RapidAssistant wrote:We've had lost car dealers, lost Wimpy bars, lost department stores and lost record shops, but anyone remember other big chains that were once big household names and were merged, went out of business or otherwise fell into the forgotten trench of history....and can you remember where they were???
Some examples:
- Dodge City - Scottish DIY chain that was swallowed up by B&Q in the early 1980s; there was one on Hamilton Road, that finally closed as a B&Q in 2005 when the big one was built in Parkhead, torn down to make way for houses. Can anyone remember any others?
- Templetons Supermarket - (I believe Galbraiths were part of the same group); absorbed into Presto. then Safeway. There was one on Westmuir Street in Parkhead; it is now a Farmfoods I think.
- Clydesdale (the electrical retailer); there were several in Glasgow as it was a local firm.
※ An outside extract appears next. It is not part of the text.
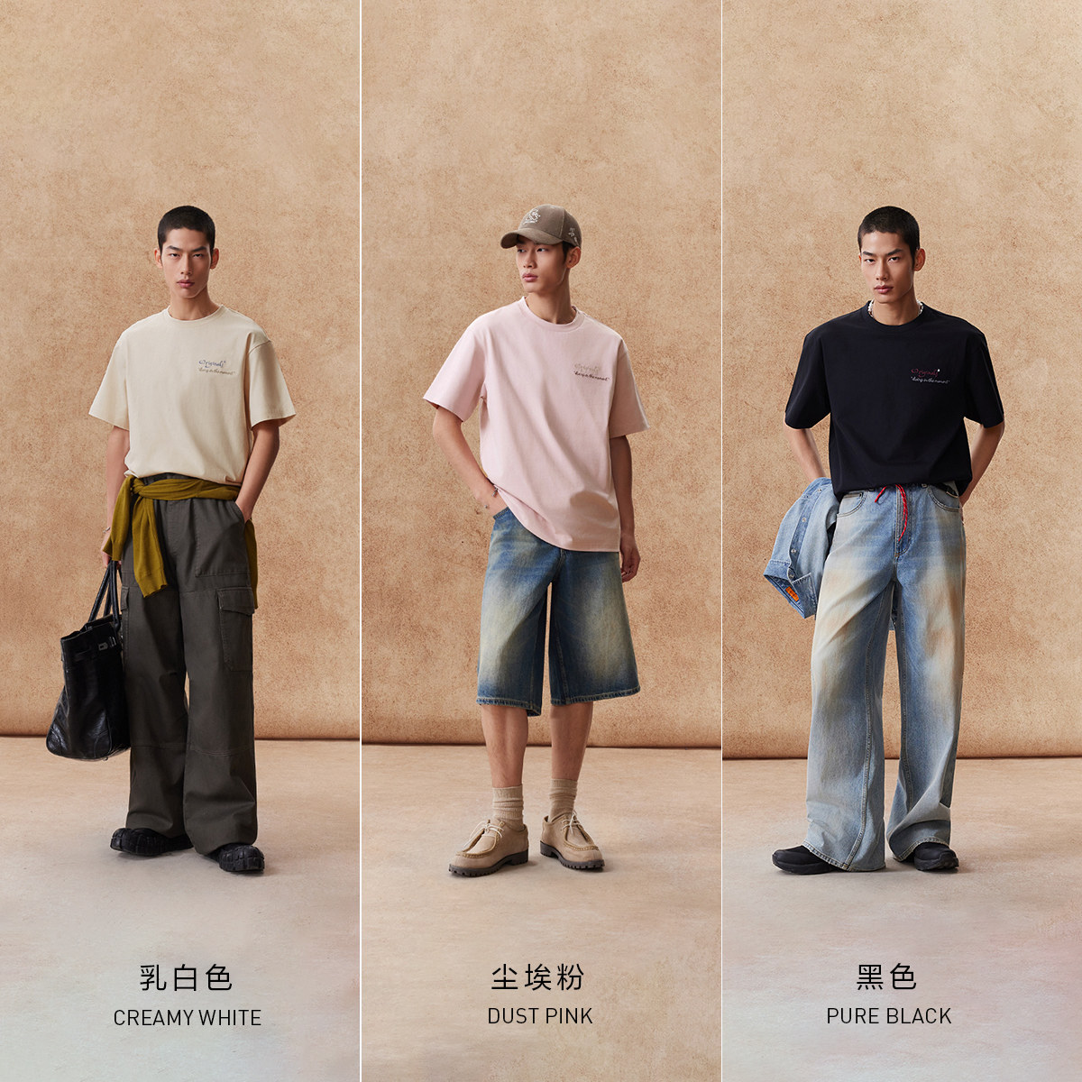 略宽松版型;圆领领型;胸前及背后刺绣字母

Think they got swallowed up by Dixons/Currys in the end. There was one on Jamaica St for sure, another on Duke Street, and they had a unit in the Forge, Parkhead as well which replaced the Westmuir Street branch.
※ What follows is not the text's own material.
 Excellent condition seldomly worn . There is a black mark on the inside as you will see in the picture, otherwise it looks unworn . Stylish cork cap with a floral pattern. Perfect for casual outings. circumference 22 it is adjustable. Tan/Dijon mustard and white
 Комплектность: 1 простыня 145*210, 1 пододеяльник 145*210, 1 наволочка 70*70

- SSEB/Scottish Power; remember the big one on Sauchiehall Street opposite C&A's/Dunnes Stores?
...over to you!
The biggest cause by far of the loss of all British Industry was the lack of investment put into it which meant they couldn't improve to keep up with much cheaper foriegn stuff. Back in 1978 British Steel where getting a million quid a day from the taxpayer just to try and stay in business, very little of that money if in fact in was invested in the company. One of BS employees wrote into the paper that in a Sheffield plant the canteen cutterly had made in Korea engraved on it. British Leyland in the early 1980's where being robbed by there employers of hundreds of millions worth of car parts and even whole engines every year. My uncle worked as a delivery man with Clydesdale in the late 70's and told me that they where stealing loads of things like tv.s and music centres and loading them into their lorries and selling them every time they picked up a load at the warehouse. The minimum wage didn't help much either unless you were lucky enough to be able to keep your job
instead of lose it to a foriegn country where your wage could pay ten men. By the end of the 1980's almost all ICI's patents had run out and they invested the money to get others. British Steel are now run by an Indian company Corus and have been well invested in and are doing well.